C. Zgheib1, M. H. Hodges1, M. Allukian2, J. Xu1, K. L. Spiller3, J. H. Gorman2, R. C. Gorman2, K. W. Liechty1 1Laboratory For Fetal And Regenerative Biology, Department Of Surgery, School Of Medicine, University Of Colorado Denver – Anschutz Medical Campus And Colorado Children’s Hospital,Aurora, COLORADO, USA 2The University Of Pennsylvania School Of Medicine,Surgery,Philadelphia, PA, USA 3Drexel University, School Of Biomedical Engineering,Philadelphia, PA, USA
Introduction: Myocardial infarction (MI) remains the leading cause of death in the US. In contrast to the fibrotic response observed in adults, we have previously shown that the fetal response to MI is regenerative and is associated with increased angiogenesis and decreased inflammation. This cardiac regeneration requires both recruitment of cardiac progenitor cells (CPC) to replace lost myocardium as well as restoration of blood supply to support these recruited cells. Macrophages are also known to contribute to this repair process; however, the contribution of macrophages to tissue repair depends on their phenotype: M1 macrophages are pro-inflammatory and initiate angiogenesis; M2a macrophages are pro-fibrotic and contribute to blood vessel maturation; and M2c macrophages are pro-angiogenic, anti-inflammatory, and contribute to tissue remodeling. However, the relationship between CPCs and macrophages during the regenerative process has yet to be defined. Thus, we propose that CPCs promote fetal cardiac regeneration after MI by regulating the polarization of macrophages.

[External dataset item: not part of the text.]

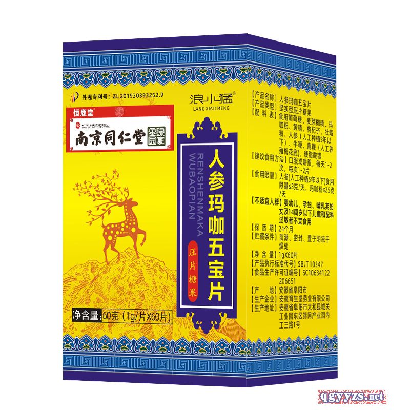 - 玛咖粉,黄精,枸杞子,牡蛎粉,人参(人工种植五年以下),牛鞭,鹿鞭(人工养殖梅花鹿)

Methods: To test this hypothesis, 20% apical infarcts were created in fetal sheep by LAD ligation. Subsets of these infarcts were injected with a lentivirus containing the SDF-1α inhibitor (SDFi) transgene or an empty vector control. Hearts were harvested 3 or 30 days following infarction. Real time PCR was used to analyze the expression of macrophage phenotypes markers: IL-1β (M10, CD206 (M2a), and CD163 (M2c).
Results: Our results revealed a significant upregulation of IL-1β, CD206, and CD163 gene expression in the fetal hearts 3 days post-MI; this upregulation returned to baseline at 30 days. In contrast, fetal hearts treated with SDFi demonstrated a significant increase in the expression of all macrophage markers 30 days post-MI, when compared to both untreated fetal hearts and treated hearts 3 days post-MI. These results suggest an early increase in the expression of M1, M2a, and M2c macrophage markers in the fetal hearts 3 days post-MI, with reversal of this upregulation following myocardial regeneration 30 days post-MI. Blocking CPC recruitment by inhibition of SDF-1α was associated with a persistent elevation in M1, M2a, and M2c gene expression, consistent with prolonged inflammation, fibrosis, and remodeling.
Conclusion: Our results suggest that following MI, CPCs promote fetal cardiac regeneration via the modulation of macrophage phenotype. Strategies to manipulate macrophage phenotype may represent a therapeutic target to promote regeneration in adult hearts after MI.